Six months ended December 31, 1995 compared with six months ended December 31,
1994.

        Net sales for the six months ended December 31, 1995 were $1,858,689
   compared to net sales of $2,559,121 for the six months ended December 31,
   1994. The Company's net sales for both the six months ended December 31,
   1995 and 1994 were derived primarily from the sale of Primidone, a generic
   version of Wyeth Ayerst's Mysoline(R), an anti-convulsant; Butalbital
   Compound Capsules ("BCC"), a generic version of Sandoz's Fiorinal(R); and
   Dicyclomine Hydrochloride USP, 10mg Capsules ("Dicyclomine"), a generic
   version of Marion Merrell Dow's Bentyl(R), an antispasmodic and
   anticholinergic agent, which the Company began manufacturing and
   distributing in July 1994. In addition during the six months ended December
   31, 1994, the Company performed a limited amount of contract repackaging
   for other manufacturing companies. The contract repackaging performed, and
   the introduction of Dicyclomine in July 1994, caused sales during the six
   month period ended December 31, 1994 to be high as customers began filling
   their distribution channels with this new product.

   Cost of sales decreased by 22.0% to $900,708 in the six months ended
   December 31, 1995 from $1,154,723 in the six months ended December 31,
   1994. The large decrease in cost of sales is due to lower raw material and
   production costs in the six months ended December 31, 1995 as a result of
   lower sales. In addition no contract repackaging costs were incurred during
   the six months ended December 31, 1995. Gross profit margins for the six
   months ended December 31, 1995 and 1994 were 51.5% and 54.9%, respectively.
   The decrease in the gross profit percentage is primarily due to the
   decrease in sales during the six months ended December 31, 1995 and less
   fixed costs being absorbed during this period.

   Selling, general and administrative expenses were $539,493 in the six
   months ended December 31, 1995, which remained constant compared to similar
   expenses of $550,542 during the six months ended December 31, 1994.

   As a result of the foregoing, the Company reported an operating profit of
   $418,488 for the six months ended December 31, 1995 as compared to an
   operating profit of $853,856 for the six months ended December 31, 1994.

   The Company's interest expense increased to $305,020 in the six months
   ended December 31, 1995 from $289,252 in the six months ended December 31,
   1994 due to increases in interest rates and increased borrowings on the
   Company's lines of credit.

        During the six months ended December 31, 1994, the Company had
   provided for Pennsylvania corporate income tax of approximately 11% of
   taxable income. Due to tax law changes, the Company could not utilize its
   net operating loss carryforward deduction for Pennsylvania corporate income
   tax during Fiscal 1995. The 1993 Pennsylvania Tax Act reactivated the net
   operating loss carryforward deduction for taxable fiscal years after 1995;
   therefore, no provision for Pennsylvania corporate income tax was made
   during the six months ended December 31, 1995.

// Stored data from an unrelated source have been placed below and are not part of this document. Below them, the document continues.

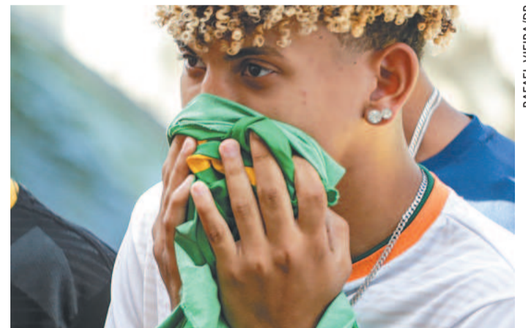
Assim como no primeiro jogo, houve tensão na partida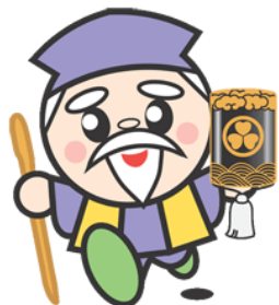
茨城県マスコット ハッスル黄門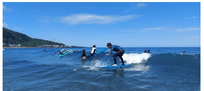
圖片說明：硬式衝浪板衝浪情形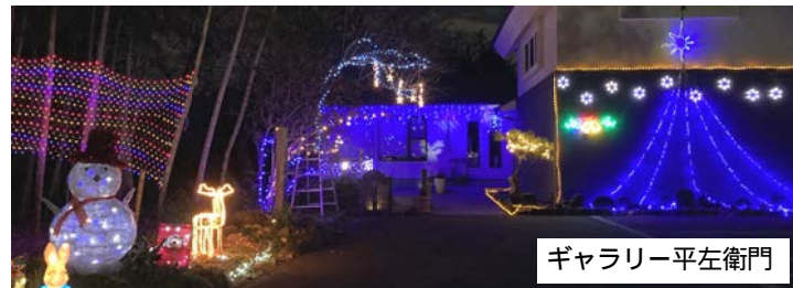
ギャラリー平左衛門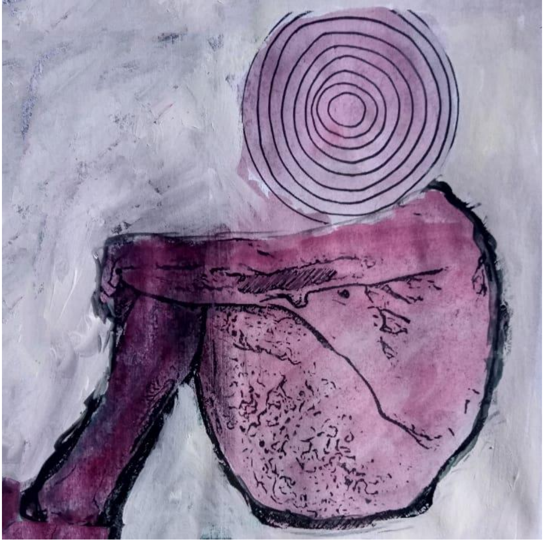
12 أنا المتاهة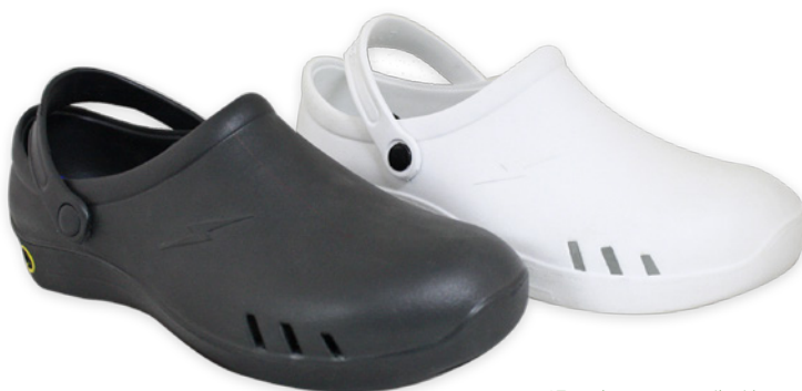
*Estashoe con ventilación

MKT-REV02. Estos datos están basados en información que creemos correcta; son ofrecidas de buena fe pero sin garantía en lo referente a la aplicación y uso del producto, ya que las condiciones y formas de uso se encuentran fuera de control de la empresa. Antes de la utilización definitiva del producto, recomendamos al usuario realizar una evaluación detallada del mismo mediante la aplicación y uso de muestras significativas. Es responsabilidad del usuario verificar la validez de la información expuesta.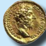
Romerska Imperiet Aureus / Marcus Aurelius (161-180)

Ett urval mynt (inkl. köparprovision) som vi sålt tidigare:

   The Company reported net income of $144,123 for the six months ended
   December 31, 1995, or $.03 per share, $.02 on a fully diluted basis,
   compared to net income of $488,927, or $.09 per share, $.04 on a fully
   diluted basis, for the six months ended December 31, 1995.

Liquidity and Capital Resources.

   The Company used $20,359 and generated $229,494 of cash in operations
   during the six months ended December 31, 1995 and 1994, respectively. Net
   cash used in operations increased as a result of lower sales during the six
   months ended December 31, 1995. As a result the increase in accounts
   receivable was less during the six months ended December 31, 1995 as
   compared to the six months ended December 31, 1994. Accounts payable
   decreased as a result of lower production costs during the six months ended
   December 31, 1995. Accrued liabilities decreased due to no state tax
   liability during the six months ended December 31, 1995. Accrued interest
   increased during the six months ended December 31, 1995 as a result of the
   Company deferring accrued interest from April 1, 1995 to June 30, 1996,
   which is payable in twenty-four equal monthly installments, commencing
   August 15, 1996.

                                      9

<PAGE>


   The Company expended $127,193 for property, plant and equipment during the
   six months ended December 31, 1995 compared to $149,616 expended during the
   six months ended December 31, 1994. The Company has not made any material
   commitments for capital expenditures and does not expect to incur any
   material capital expenditures during the remainder of Fiscal 1996.

   Net cash provided by financing activities increased to $127,214 during the
   six months ended December 31, 1995 from $13,833 during the six months ended
   December 31, 1994. This increase in cash provided by financing activities
   was primarily used to finance equipment and working capital needs.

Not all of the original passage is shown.